DealLawyers.com Blog

February 23, 2023

Take Private Deals in 2022

A recent Weil going private survey showed that going private transactions reached a new high in 2022 by volume and value (up 51% from 2021), with over half of the targets in the technology/software space. The increase from 2021 slowed in the second half of the year due to macroeconomic conditions and uncertainty and the state of debt financing markets.

The survey attributes this increase, in the face of an otherwise depressed M&A market to:

– the pressure on public company valuations and stock prices due to financial/political turmoil and market sell-off making public companies more attractive targets when fundamentals are strong; 

– companies who were quick to go public—maybe a little too quick during previous heights of the public markets and de-SPAC transactions—feeling strained by the burdens that accompany being publicly traded; and 

– boards realizing that market high valuations may have been inflated and that premiums to a current price, rather than record price, present an opportunity to maximize value.

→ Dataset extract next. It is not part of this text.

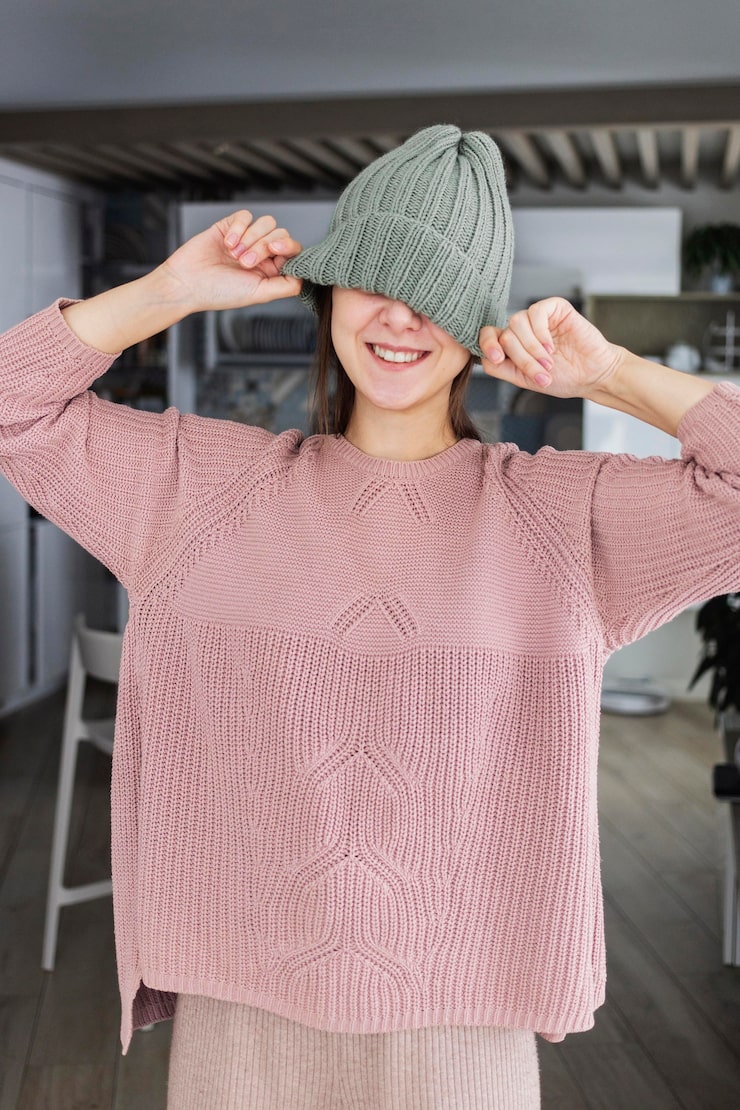Пуловер с ажурным узором «листья» — приталенный и удлиненный крой

The survey goes on to review some interesting developments in take private transactions in recent years, including the focus on interim operating covenants and consequences of breaches, complications for recently de-SPAC or IPO companies and the sharp uptick in the use of CVRs (contingent value rights) in 2022.

Speaking of CVRs, in Q4 2022, Nasdaq proposed to adopt Listing Rule 5732 to provide standards for listing Price-Based and Event-Based CVRs on the Nasdaq Global Market. The SEC recently solicited comments on an amended form of the listing rule and approved the proposed rule, as amended, on an accelerated basis.